Cabaret Voltaire

But first a word from our sponsors.

Yesterday’s dilemma was the world depicted as a village of a hundred people. That a few people have most of the money and control most of the resources can be seen as an implicit criticism of such unequal ownership. I couldn’t help but note that this really is how Nature seems to do business, although perhaps with less disparity between the haves and have-nots. Chickens really do have a pecking order. It’s in the nature of all animals to acquire as much as they can to the detriment of (intentionally or otherwise) others lower down the pecking order.

But it struck me that when the developed world was developing, there were no international aid agencies. Plague, famine, war and death turned up without the UN following behind them.

While the developed world bears much of the responsibility for the environmental mess the world is in, it seems that the developing world isn’t interested in learning lessons from our mistakes. They (like many of my students) take the view that because someone else did X, they can do X as well. The Third World doesn’t seem to understand that they need to see the bigger picture before they go spewing pollution into the air and water, and need to be more responsible about the environment now. What does it matter and why should it matter if it takes a little longer for them to become developed countries if, by acting as they develop, they benefit the whole planet? But as I said above, animals want as much as they can get and some animals live in countries where the checks on their activities are weak and feeble.

And now the main feature: Dilemma 100.

In AC Grayling’s book on Descartes, which I read when I was in New Zealand during the winter holiday, there is a description of Descartes cutting open a live dog and sticking his finger into its heart, feeling it beat as the creature died. He thought of animals as mere machines, hence his brutish treatment of them. But in today’s dilemma, Voltaire notes that animals are not just machines. They can learn and would appear to have memory. There are examples of dogs looking for masters who have died.

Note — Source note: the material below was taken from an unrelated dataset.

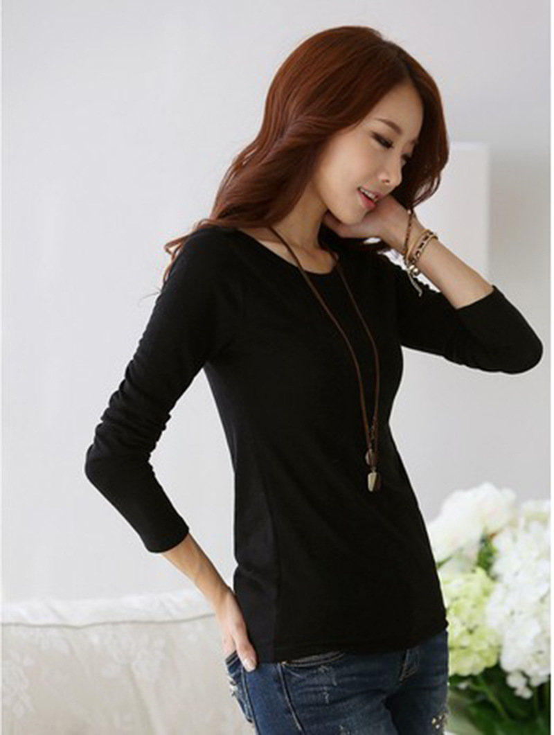 2015加厚加絨打底衫女長袖秋冬純棉黑色緊身圓領(lǐng)內(nèi)搭長袖女韓版 /

When Descartes cut dogs open, didn’t he notice that they have much the same internal structure as we do and responded to the infliction of pain that cannot be merely mechanical?

Of course, this dilemma is about vivisection. I think I noted in the discussion about a previous dilemma (perhaps the 11th) that it perhaps depends on the creature as to how we react to the act. Rats (and rodents in general) bad, vivisection all right; dogs (and any animal kept as a pet) cuddly, vivisection not all right. I may be anticipating tomorrow’s dilemma by wondering what purpose such an act has. Is it mere cruelty (or worse, sadism)? Is it curiosity (in which case the animal could be killed first)? Is it to watch the animal ticking (or rather, dying)? What have we learnt from doing this and does the knowledge gained justify the act? Ever?

The discussion at the back of the book quotes CS Lewis who observed that the objectification of an animal means that something of its reality has been lost; and George Bernard Shaw who noted that we could learn the most by vivisecting live humans, but lose some of our humanity in the process. Back in Dilemma 31, it was shown that testing drugs on animals first doesn’t necessarily confirm that they are safe for human use.

Tomorrow we reach the final dilemma in which the counterargument is posed. And once I’ve done that, what am I going to do next?